● YOUR ASSIGNMENT
Would you output the listing exactly, with every image omitted?

══ SUPPLIED MATERIAL ══

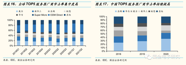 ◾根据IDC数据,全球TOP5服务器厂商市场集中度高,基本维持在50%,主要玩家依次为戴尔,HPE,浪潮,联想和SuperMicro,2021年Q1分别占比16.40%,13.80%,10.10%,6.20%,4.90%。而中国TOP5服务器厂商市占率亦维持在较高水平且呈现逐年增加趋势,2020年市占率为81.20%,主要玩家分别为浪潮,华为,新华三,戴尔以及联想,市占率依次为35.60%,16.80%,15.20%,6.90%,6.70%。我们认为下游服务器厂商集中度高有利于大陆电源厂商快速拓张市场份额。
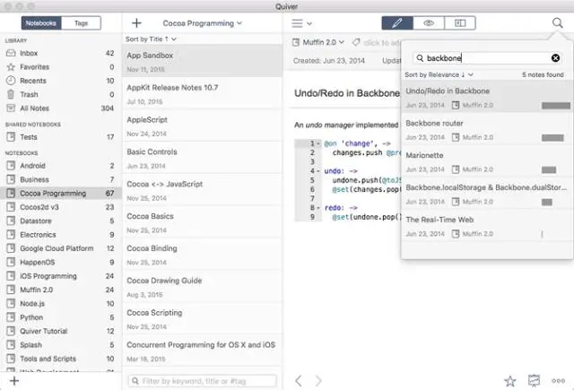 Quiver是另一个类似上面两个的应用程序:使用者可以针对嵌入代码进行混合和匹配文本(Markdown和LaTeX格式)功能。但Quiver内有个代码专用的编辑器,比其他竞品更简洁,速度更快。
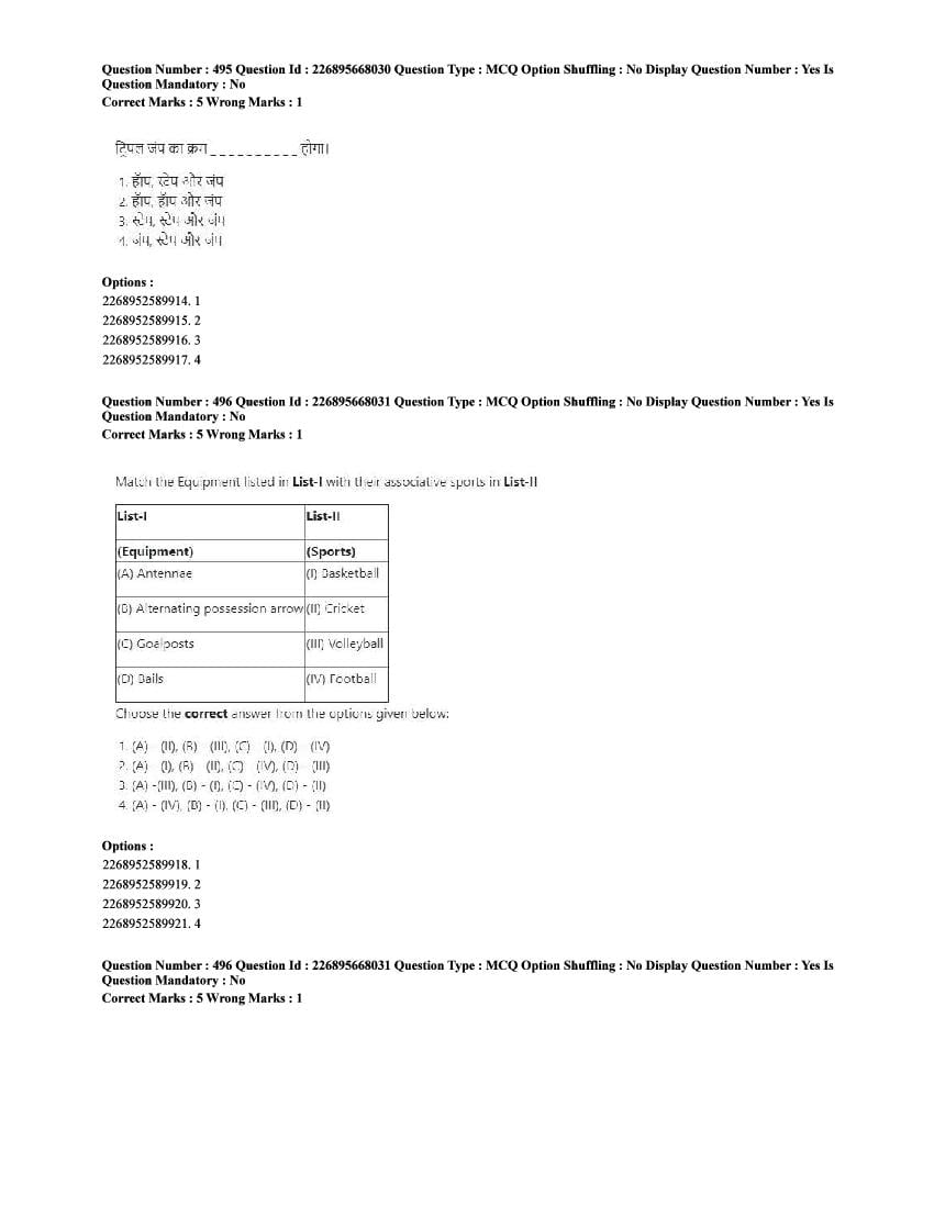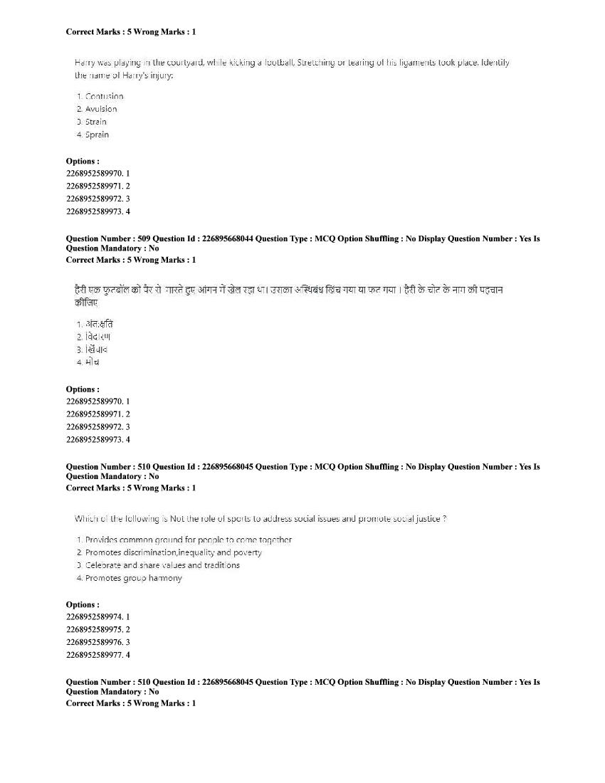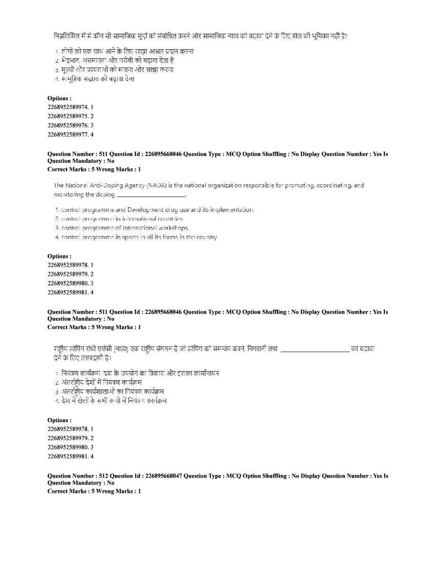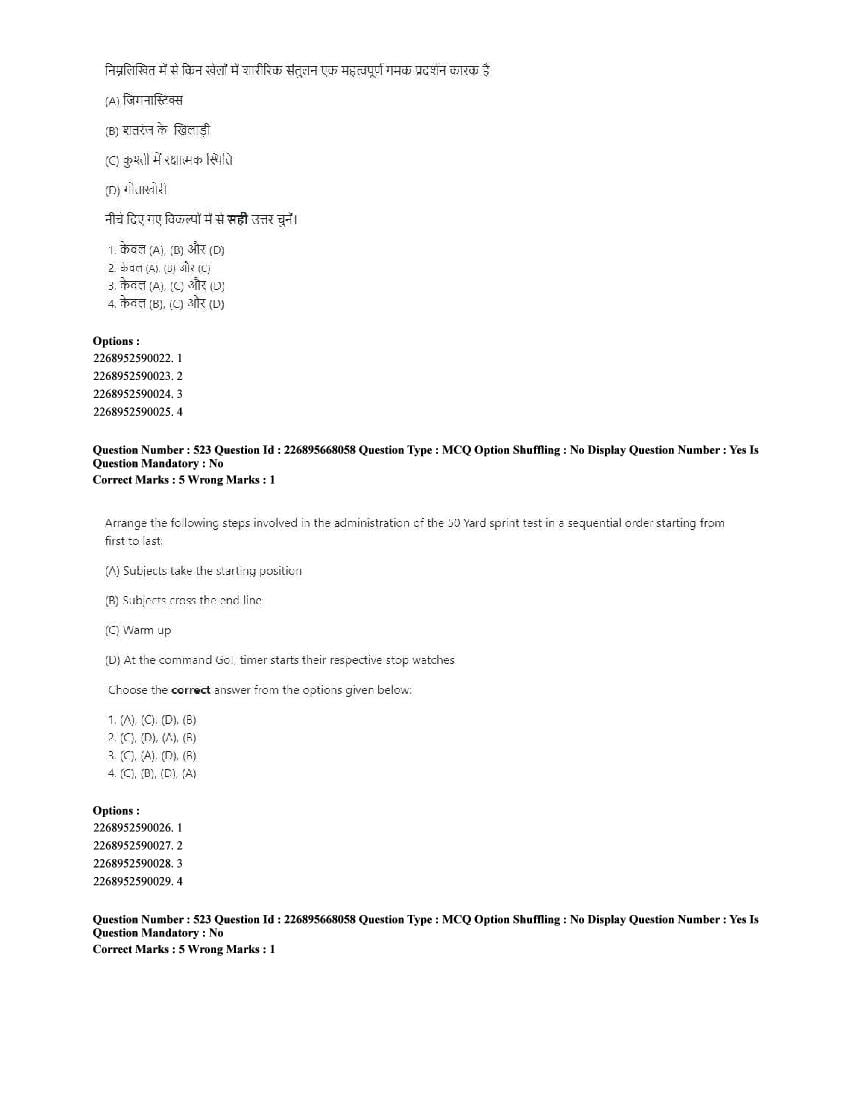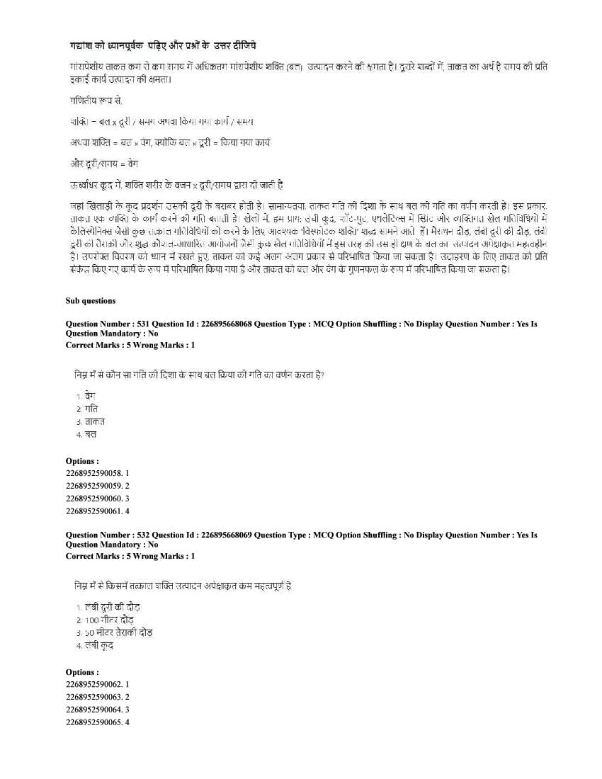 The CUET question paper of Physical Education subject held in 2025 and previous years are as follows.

═══

● SOLUTION
 ◾根据IDC数据,全球TOP5服务器厂商市场集中度高,基本维持在50%,主要玩家依次为戴尔,HPE,浪潮,联想和SuperMicro,2021年Q1分别占比16.40%,13.80%,10.10%,6.20%,4.90%。而中国TOP5服务器厂商市占率亦维持在较高水平且呈现逐年增加趋势,2020年市占率为81.20%,主要玩家分别为浪潮,华为,新华三,戴尔以及联想,市占率依次为35.60%,16.80%,15.20%,6.90%,6.70%。我们认为下游服务器厂商集中度高有利于大陆电源厂商快速拓张市场份额。
 Quiver是另一个类似上面两个的应用程序:使用者可以针对嵌入代码进行混合和匹配文本(Markdown和LaTeX格式)功能。但Quiver内有个代码专用的编辑器,比其他竞品更简洁,速度更快。
 The CUET question paper of Physical Education subject held in 2025 and previous years are as follows.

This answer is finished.